1. Isolating Compute Resources for AI Training in GCP Folders

    Python

    To isolate compute resources for AI training in GCP using folders, you can employ a combination of GCP's Resource Policies and IAM (Identity and Access Management) Policies. Folders in GCP allow you to hierarchically organize resources, which helps in managing permissions and structuring your cloud environment to reflect your organization.

    Here's a program that demonstrates how to set up a folder on GCP, apply resource policies to manage how compute resources like Google Compute Engine instances are used, and enforce IAM policies for access control:

    Program Explanation

    1. Create a Folder: We start by creating a GCP folder. This will serve as the container for all our compute resources that we want to isolate for AI training.
    2. Resource Policy: We create a resource policy attached to compute resources. This can be used to define various aspects like schedules for VM instance creation and deletion, snapshot policies, etc.
    3. IAM Policies: We set IAM policies at the folder level, which will govern who has access to the resources within this folder. This can be as granular as needed, assigning specific roles to individuals or groups for this collection of resources.

    Let's go through the code step-by-step.

    Pulumi Program for Isolating Compute Resources in a GCP Folder

    import pulumi import pulumi_gcp as gcp # Replace 'your-project-id' and 'your-folder-name' with your GCP project ID and desired folder name. project_id = 'your-project-id' folder_name = 'your-folder-name' # Create a GCP Folder under the organization. ai_folder = gcp.resourcemanager.Folder(folder_name, parent=f"organizations/{project_id}", display_name="AI Training Resources") # Define a compute resource policy. resource_policy = gcp.compute.ResourcePolicy("ai-training-policy", region="us-central1", snapshot_schedule_policy=gcp.compute.ResourcePolicySnapshotSchedulePolicyArgs( schedule=gcp.compute.ResourcePolicySnapshotSchedulePolicyScheduleArgs( daily_schedule=gcp.compute.ResourcePolicySnapshotSchedulePolicyScheduleDailyScheduleArgs( days_in_cycle=1, start_time="04:00" ) ), retention_policy=gcp.compute.ResourcePolicySnapshotSchedulePolicyRetentionPolicyArgs( max_retention_days=7, on_source_disk_delete="KEEP_AUTO_SNAPSHOTS" ) ), project=project_id) # Replace 'your-role-id' with the appropriate role ID for IAM (e.g., roles/compute.viewer). # Replace 'user:example-user@example.com' with the user's email. role_id = "your-role-id" member = "user:example-user@example.com" # Applying an IAM policy on the folder level. iam_policy = gcp.folder.IAMPolicy("ai-folder-iam", folder=ai_folder.id, policy_data=pulumi.Output.all(ai_folder.id).apply(lambda folder_id: gcp.iam.get_policy( project=project_id, folder=folder_id ).then(lambda policy: gcp.iam.Policy( bindings=[ gcp.iam.PolicyBinding( role=role_id, members=[member] ) ] ) )) ) # Exporting the folder ID and resource policy ID. pulumi.export("folder_id", ai_folder.id) pulumi.export("resource_policy_id", resource_policy.id)

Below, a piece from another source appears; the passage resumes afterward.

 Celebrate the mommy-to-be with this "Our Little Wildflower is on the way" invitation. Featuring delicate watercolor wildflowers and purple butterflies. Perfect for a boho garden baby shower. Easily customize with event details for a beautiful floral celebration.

    In this code, we specify the project ID, folder name, IAM role, and a user(email) to apply the policy. We first create a GCP folder situated under an organization, which requires replacing 'your-project-id' with your actual GCP project ID. The IAM policy is then generated with a specified role and a member, replacing 'your-role-id' and 'user:example-user@example.com' with actual values suitable for your setup.

    The resource policy ai-training-policy is established to manage snapshot schedules, dictating when snapshots are taken and how long they're retained. Adjust 'us-central1' to the appropriate region as necessary.

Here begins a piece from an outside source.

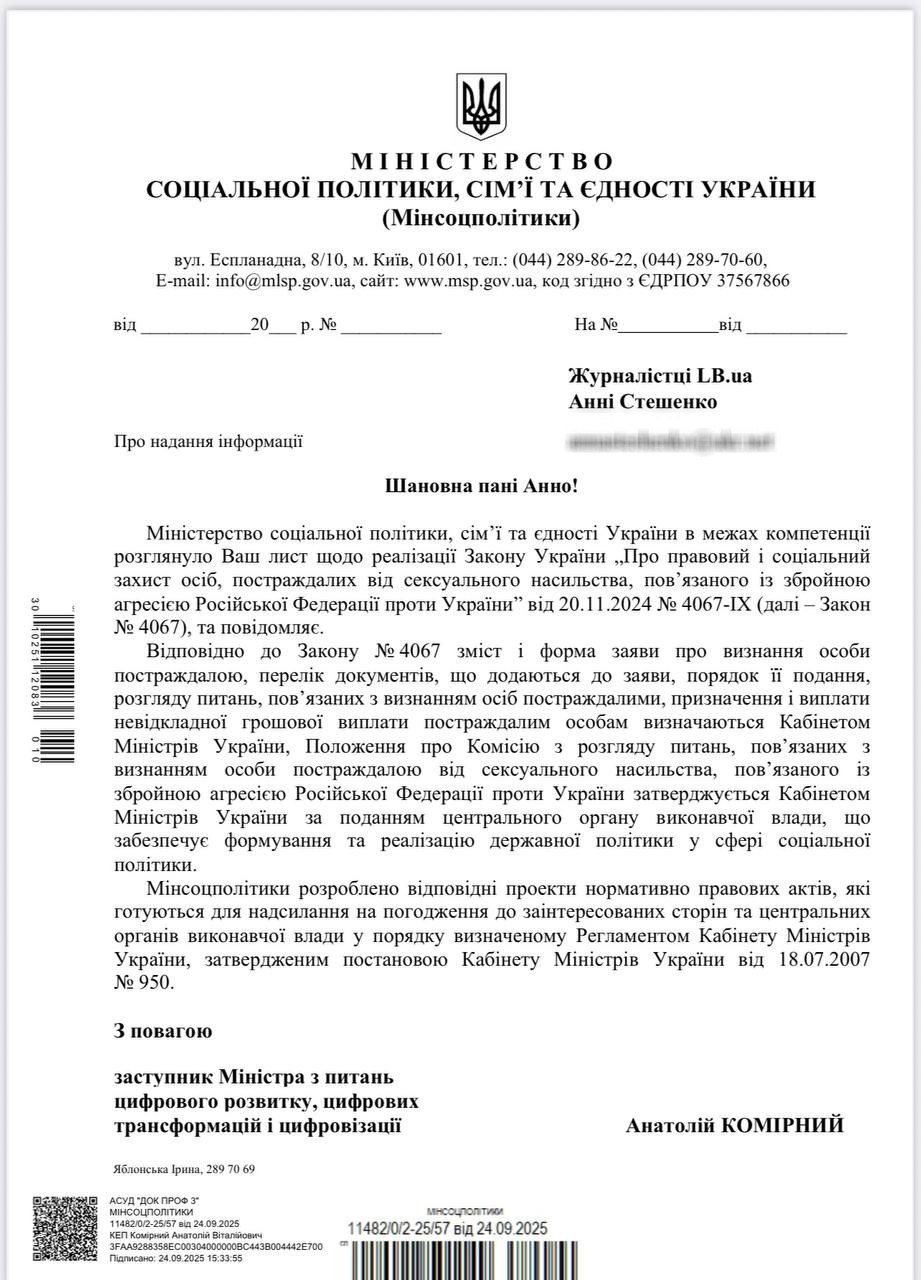 Нагадаємо, LB.ua докладно писав про те, як у червні 2025 року набрав чинності закон України про статус постраждалих від сексуального насильства, пов’язаного з конфліктом (СНПК). Однак Мінсоцполітики досі не створило комісію, яка мала б продовжити виплати.

    Once this Pulumi program is run, it will create a folder and apply the defined resource and IAM policies to it. The folder ID and resource policy ID will be exported as output, making them available for reference in the Pulumi Console.

    Be sure to set up your environment with proper GCP credentials and Pulumi installed to run this code. This program should be placed in a __main__.py file within a Pulumi project directory. Run pulumi up in the terminal to execute the code and apply the changes to your GCP environment.

    Remember, this is a starting point, and depending on your precise use case and security requirements, you may need to add more fine-tuned policies and resource configurations.